A woman from one of the 339 families locked in a land dispute with the Metrei Pheap company on Tuesday pleaded to the authorities to find her missing husband, claiming military officials have taken him to be tortured.

A military official denied the allegation, saying a provincial governor had told him her husband had escaped from authorities and went into hiding.

Phin Mao told The Post her husband, 54-year-old Sam Moeurna, was arrested by a Brigade 6 military official when he returned from a market.

Mao also penned a letter asking for intervention – dated Monday and addressed to lawmakers Suos Yara and Un Chanda – stating that on January 20 at 5:30pm, military official Luy Sambath arrested her husband while he was driving a tractor transporting groceries in Oddar Meanchey province’s Trapaing Prasat district.
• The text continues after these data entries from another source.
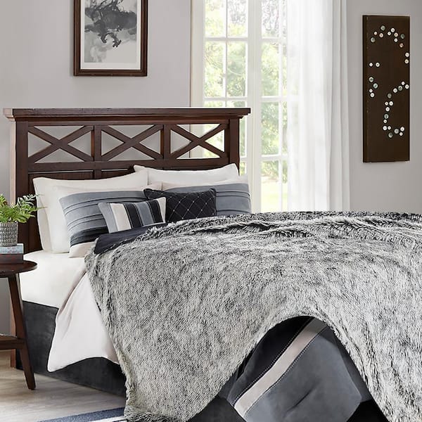 Wolf Frost Tip Black Two Color Polyester Faux Long Fur Throw Blanket - 50 in. x 65 in.
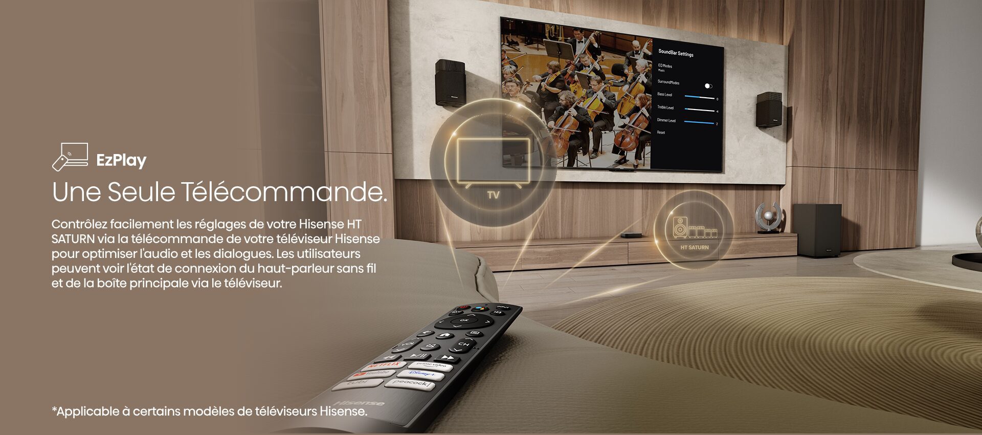 De par son format quadriphonique, renforcé d’un caisson de basses, le Hisense HT Saturn offre une expérience home cinéma complète et immersive. Le rendu sonore se démarque par sa hauteur, ainsi que par son excellente reproduction des effets frontaux et arrière. [...] Le HT Saturn brille aussi par son caractère plug-and-play et son expérience utilisateur, qui demeure convaincante malgré l’absence d’app mobile.
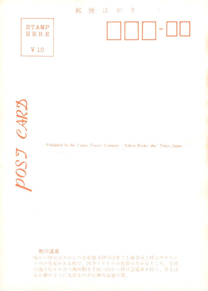 Vintage postcard published by the Japan Travel Company in Tokyo, featuring a stamp area for ¥10. The design includes a scenic view.
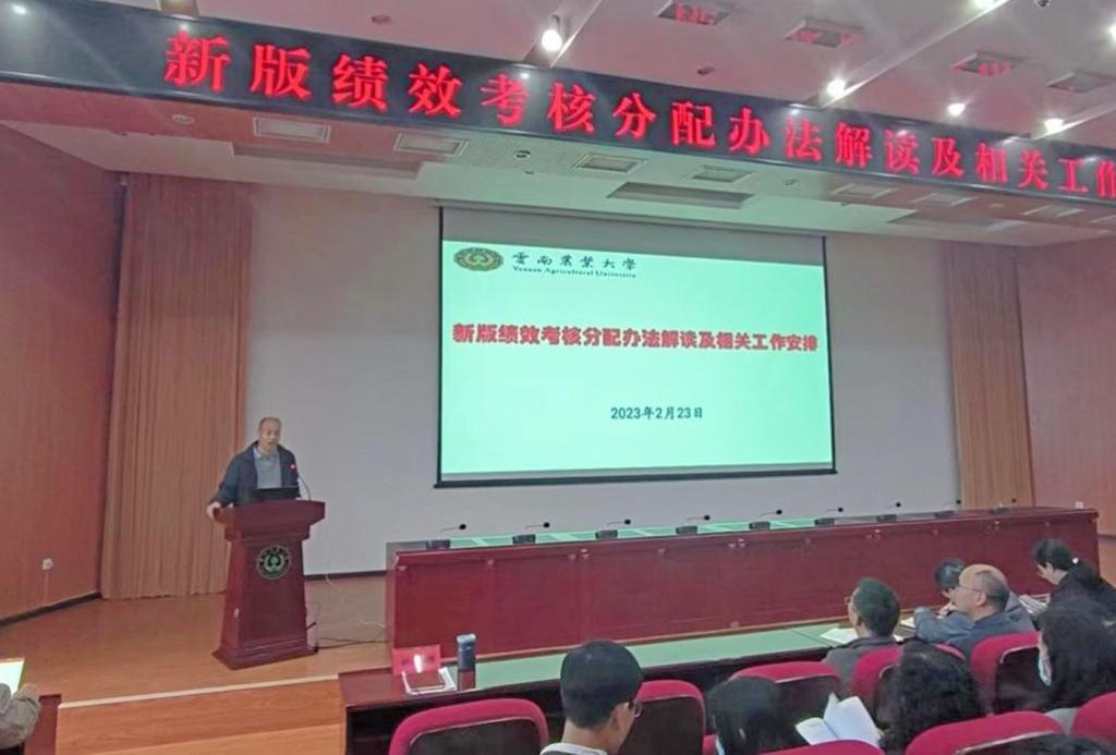 本站消息 2023年2月23日上午,为切实推进学校新修订绩效考核分配工作,加强绩效政策解读和指导,学校在耕读楼二楼报告厅召开2023新版绩效考核分配办法解读及相关工作安排会议。学校各学院书记、院长、部门工会主席(委员)、绩效分配经办人、教职工代表、民主党派代表;管理教辅部门主要负责人、绩效分配经办人共160余人参加会议,会议由赵正雄副校长主持。
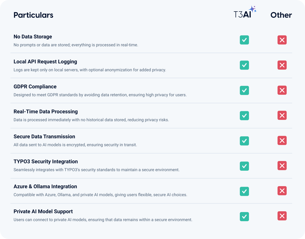 Mit TYPO3 AI Lösungen wie der T3AI Extension kannst du diese Bedenken hinter dir lassen. Im Gegensatz zu vielen allgemeinen AI Tools legt TYPO3 AI großen Wert auf Sicherheit und setzt auf datenschutzorientierte Modelle wie Ollama. Das bedeutet, deine Daten bleiben geschützt, werden niemals für Trainings durch Dritte verwendet und bleiben jederzeit vollständig unter deiner Kontrolle.
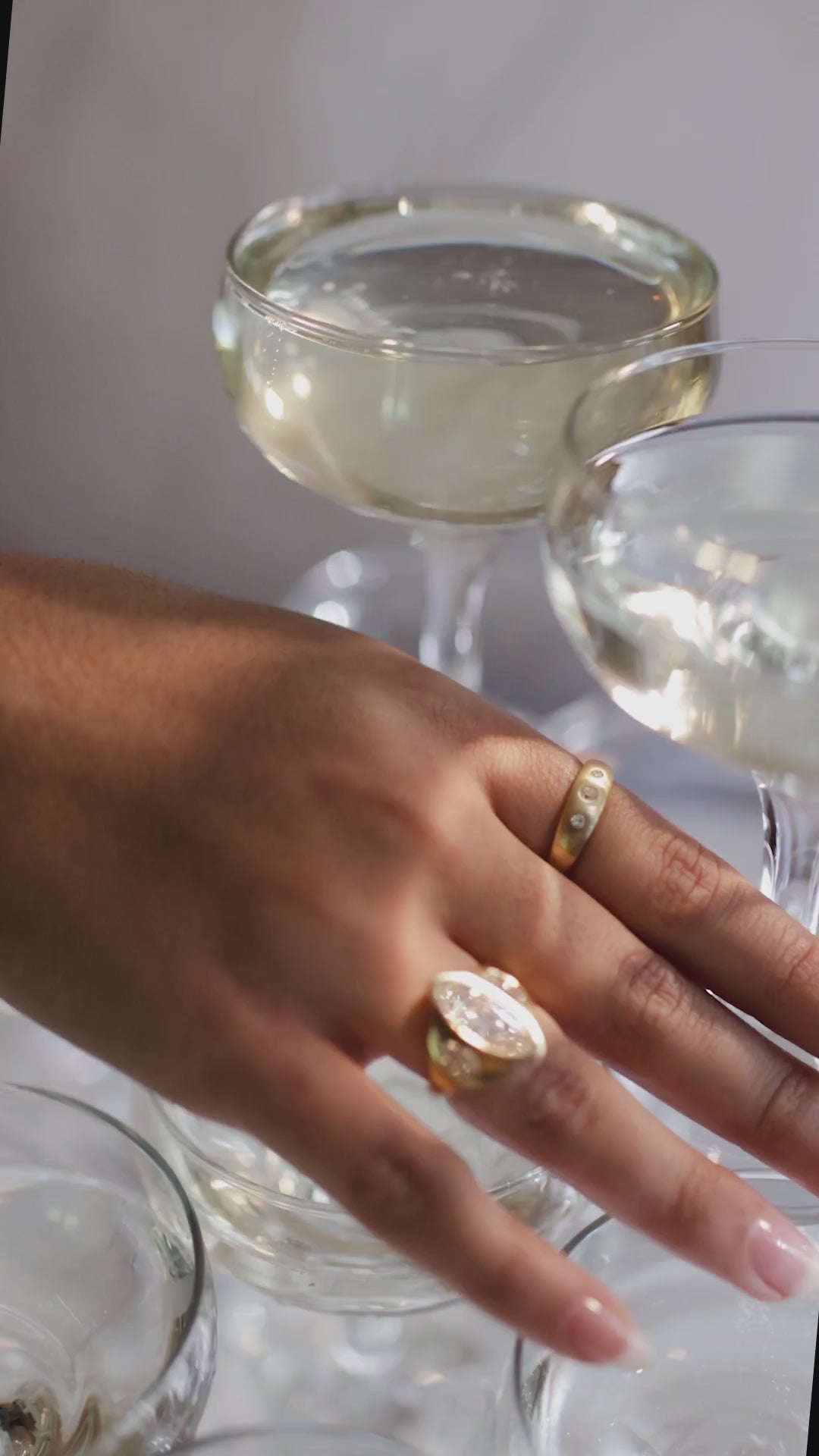 Bold and Gold was what we wanted for this look! It started out with a rare find of two antique moval side stones and developed into this mesh of modern and antique themes for a ring that is definitely one-of-a-kind.
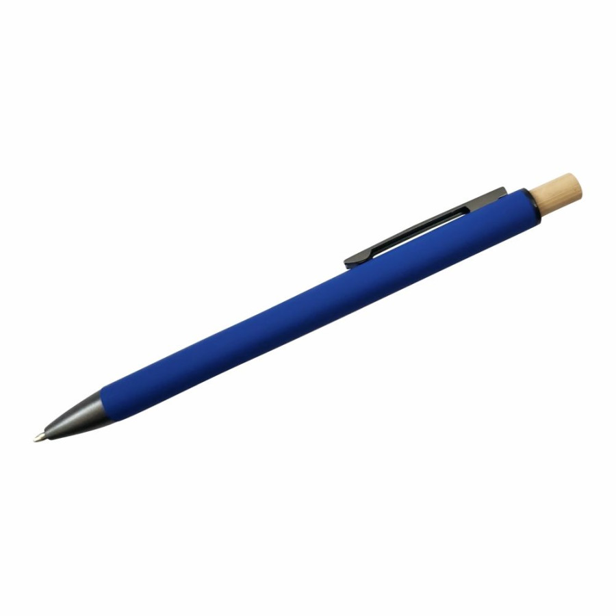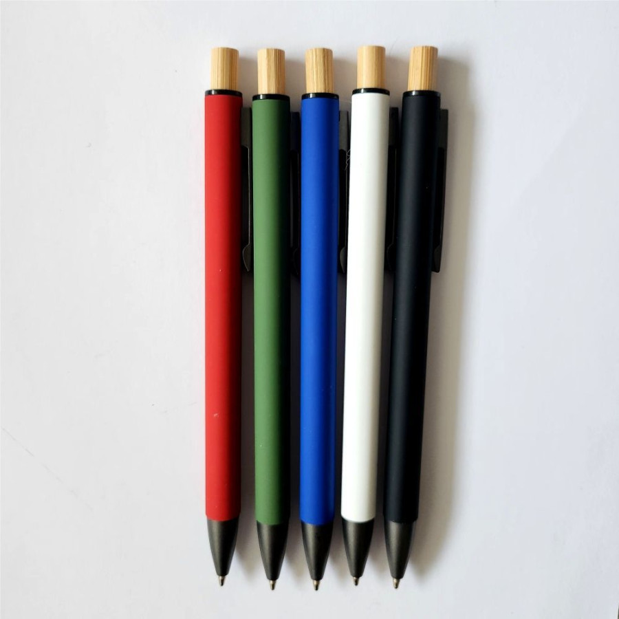 Корпус ручки виготовлений з алюмінію, зверху нанесене кольорове покриття Soft touch. Виріб має бамбукову кнопку.
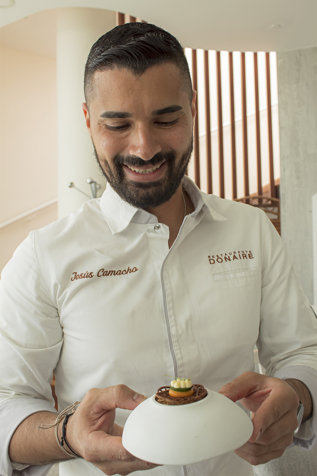 En el presente, Jesús Camacho se encuentra al mando de la cocina en el Restaurante Donaire, donde ha emprendido una nueva etapa en su vida profesional. Esta oportunidad le permite fusionar su amor por la pastelería con su pasión por la cocina. Una dualidad que no solo le otorga una perspectiva única, sino que también le permite crear una filosofía gastronómica que transformará por completo el restaurante.
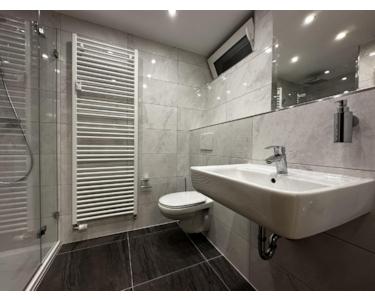 Das Badezimmer verfügt über ein Fenster und zusätzlich über eine separate Lüftung. Auch die Sanitärinstallation wurde vollständig modernisiert. Hierzu gehörte die Erneuerung aller Heizkörper in der Wohnung sowie der Austausch von WC, Waschbecken und Dusche inklusive sämtlicher Armaturen. Die Sanitärausstattung präsentiert sich modern, hochwertig und funktional.
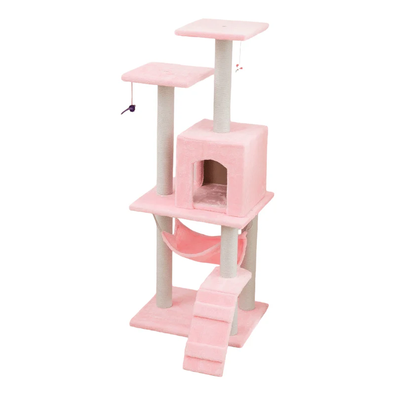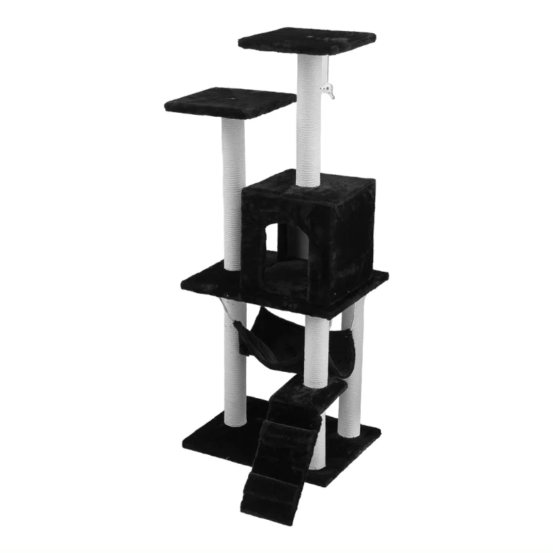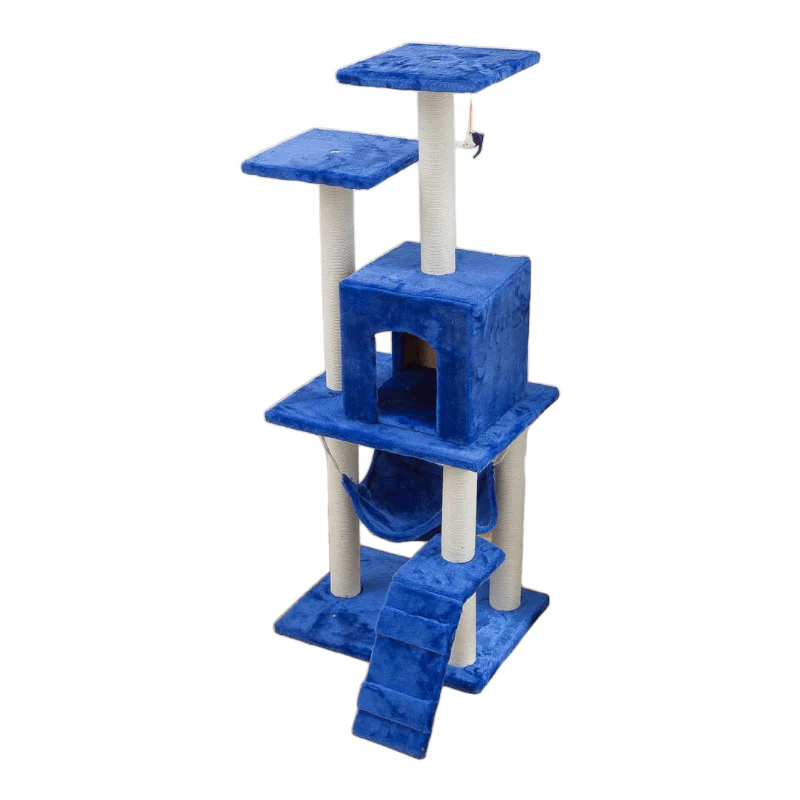 En su base, esta estructura se asienta sobre una robusta plataforma con múltiples niveles de plataformas de salto y descanso. Estas plataformas son revestidas con suave felpa que brinda a tus gatos un lugar cómodo para descansar, observar su entorno y planear sus próximas acrobacias.

The letter said her husband had been missing since.

Mao said her family had yet to receive any information on whether Moeurna is alive. She said her husband was arrested because of the land dispute.

“No one knows if he is dead or alive, while the military Brigade 6 does not take responsibility for it."

“I would like to request authorities to help find my husband because he disappeared weeks ago. I do not know who is behind this. The man who arrested my husband is the military official Luy Sambath, who guards the company’s land. I asked them, they said they don’t know. I went to look for him at the provincial prison and the police station, but I didn’t see him. I don’t know where he is,” Mao says in the letter.

In late January, some 200 villagers came to Phnom Penh seeking intervention in the land dispute involving Metrei Pheap company on the border between Preah Vihear and Oddar Meanchey provinces after 13 people were arrested one after another.

Preah Vihear provincial governor Un Chanda said on Tuesday her husband had not been detained or hidden. The man had chosen to run away, he said, because he feared that authorities would arrest him for his involvement in the land dispute.

“He managed to avoid being arrested and no legal action has so far been taken against him. The case made him fear that authorities would arrest him. That’s why he doesn’t dare come forward."

“Neighbours said he’s nearby. I allowed the district governor to meet with his wife [Mao]. She spoke in a normal voice; his wife is helping to hide him. We no longer have measures to arrest him,” Chanda said.

Sambath on Tuesday denied he was involved in arresting Moeurna: “I do not know a thing. Ask the relevant authorities because it’s not my jurisdiction.”

Lor Chann, the provincial coordinator for rights group Adhoc, said that if authorities are secretly concealing someone after arrest, whoever is holding him must face legal action.

The authorities should publicly clarify the issue if the case is not related to them, he added.